Posteado por: Pedro | 23/08/2010

Un secreto en el Miño

Yacimiento paleolítico inferior de O Cabrón
Eso de que la vida nace donde hay agua está cada vez más claro y cristalino para los arqueólogos gallegos. Quienes se dedican a recomponer el puzzle gigantesco que es nuestra historia como especie que vive en sociedad y que se relaciona con su entorno saben, desde la irrupción de la arqueología moderna, de la importancia de la cuenca del río Miño, sobre todo en su curso bajo, desde tierras orensanas hasta su desembocadura en A Guarda, como uno de los lugares predilectos para los primeros pobladores de este pedazo de tierra.

Desde los años 60, diversas campañas se lanzaron a descubrir los orígenes certeros de unos asentamientos intuidos, localizados y después conocidos. Se produjeron hallazgos que parecían deslumbrantes y que, sin embargo, vistos a la luz de los paradigmas científicos se quedaban en un puñado de imágenes borrosas. O faltaban los medios para la certificación o fallaba el estado de conservación de los yacimientos, en su mayoría, arrasados por la erosión o modificados e incluso esquilmados por la mano del hombre.
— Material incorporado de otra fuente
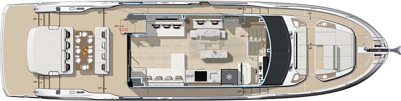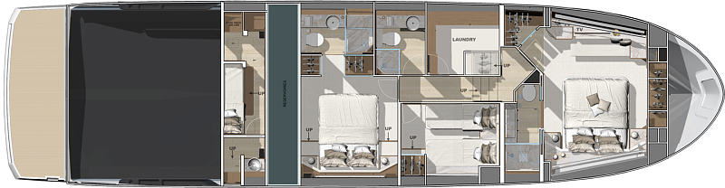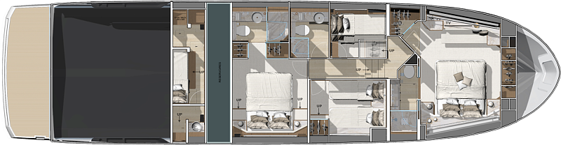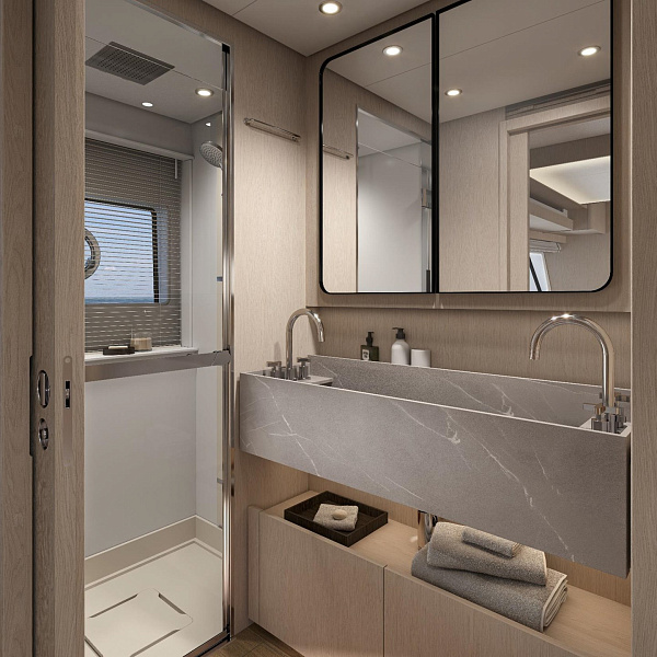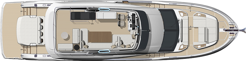 F6.7 предлагает гибкие планировки с тремя вариантами кают, просторные зоны отдыха, включая флайбридж 26 м², и продуманную архитектуру, ориентированную на комфорт владельца и его гостей.

Un grupo de arqueólogos pertenecientes al Instituto de Estudos Miñoranos (IEM) parece haber encontrado un buen cristal de aumento para observar nuestra prehistoria más lejana. La lupa estaba escondida a varios metros bajo tierra, arrullada por las corrientes miñotas que en esta zona, entre Galicia y Portugal, alientan albariños suaves como sus acentos.
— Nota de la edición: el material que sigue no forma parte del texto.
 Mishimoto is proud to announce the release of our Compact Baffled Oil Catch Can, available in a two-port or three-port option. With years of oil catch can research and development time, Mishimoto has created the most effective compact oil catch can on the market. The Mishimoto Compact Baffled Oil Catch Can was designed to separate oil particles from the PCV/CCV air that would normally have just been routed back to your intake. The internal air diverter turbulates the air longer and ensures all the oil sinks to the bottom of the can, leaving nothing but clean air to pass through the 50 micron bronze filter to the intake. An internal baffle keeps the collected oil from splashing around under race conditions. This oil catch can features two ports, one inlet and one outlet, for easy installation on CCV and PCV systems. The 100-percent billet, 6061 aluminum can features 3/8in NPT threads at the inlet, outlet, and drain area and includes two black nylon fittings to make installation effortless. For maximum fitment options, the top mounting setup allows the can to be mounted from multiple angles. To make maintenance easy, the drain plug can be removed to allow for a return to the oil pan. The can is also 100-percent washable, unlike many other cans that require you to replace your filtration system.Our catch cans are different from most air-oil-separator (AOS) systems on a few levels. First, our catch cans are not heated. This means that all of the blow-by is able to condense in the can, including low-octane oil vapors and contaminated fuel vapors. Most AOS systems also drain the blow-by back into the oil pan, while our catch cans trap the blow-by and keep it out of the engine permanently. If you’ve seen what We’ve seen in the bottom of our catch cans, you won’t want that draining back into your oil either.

Removiendo tierras en una plantación de viñedos, precisamente, el propietario de unos terrenos elevados a unos cuarenta metros de altura sobre el nivel del río Miño, en el lugar conocido como O Cabrón, ubicado en el municipio de Arbo, encontró algo que le llamó la atención. A simple vista podría parecer otro montón de piedras más, de los muchos que aparecen en las tareas agrícolas. Pero había algo diferente en ellas, ciertas formas, cierta colocación. Con buen criterio, avisó a los arqueólogos.

El experto en materiales arqueológicos Manuel Ledo fue el primer investigador que tuvo contacto directo con el hallazgo. Enseguida se percató de la magnitud de lo que tenía entre manos y trasladó sus impresiones al IEM, agrupación con la que colabora habitualmente. Con el permiso pertinente de la Dirección Xeral de Patrimonio de la Consellería de Cultura, el grupo de estudios emprendió la excavación del yacimiento bajo la coordinación del arqueólogo Xosé Lois Vilar, subdirector del IEM. “Desde el inicio nos dimos cuenta de que había un gran potencial y fue emocionante descubrir que, en el entorno mismo de la viña, los materiales líticos aparecían en posición original y en un excelente estado de preservación”, explica el director de los trabajos de campo, Eduardo Méndez.

Abrieron la tierra por dos sitios y las entrañas empezaron a hablar a borbotones. Salieron piezas y más piezas, como palabras calladas durante océanos de tiempo. En tan sólo tres metros cuadrados contaron ciento diecinueve. Entre las apariciones, proliferaron hachas de mano bifaces, con forma de almendra, y machetes. “Sólo con eso podemos afirmar que son útiles de una industria achelense que, en el peor de los casos, tiene 250.000 años de antigüedad, pero quizá, cuando logremos una datación más precisa, la cifra llegue a ser muy superior”.

El descubrimiento de este instrumental del Paleolítico Inferior en su estado original proporciona una información que Méndez califica como “inédita” en Galicia y que puede pulverizar algunos mitos. El yacimiento de O Cabrón, si se confirma su datación, serviría para recuperar para la investigación una parcela del conocimiento, este arco temporal remoto, de la que los estudiosos gallegos habían desistido, en cierto modo.

“Cuando se excavó el yacimiento de As Gándaras de Budiño, en 1963, se hizo una datación errónea de 26.000 años de antigüedad. Ese dato, en el contexto del Paleolítico, llevó a la comunidad científica a interpretar el hallazgo como muestra del atraso secular de Galicia, porque mientras en otras partes de Europa el hombre prehistórico ya estaba pintando murales, aquí parecía que aún se estaba aprendiendo a tallar la piedra. Esa conclusión desanimó a muchos colegas, que prefirieron centrarse en el estudio de épocas más claras”, relata Méndez.

Queda por delante mucho trabajo de análisis en colaboración con la Universidade de Vigo y el Centro Nacional de Investigación sobre Evolución Humana de Burgos para averiguar para qué se empleaban estas herramientas cuyo destino último será el Museo de Pontevedra.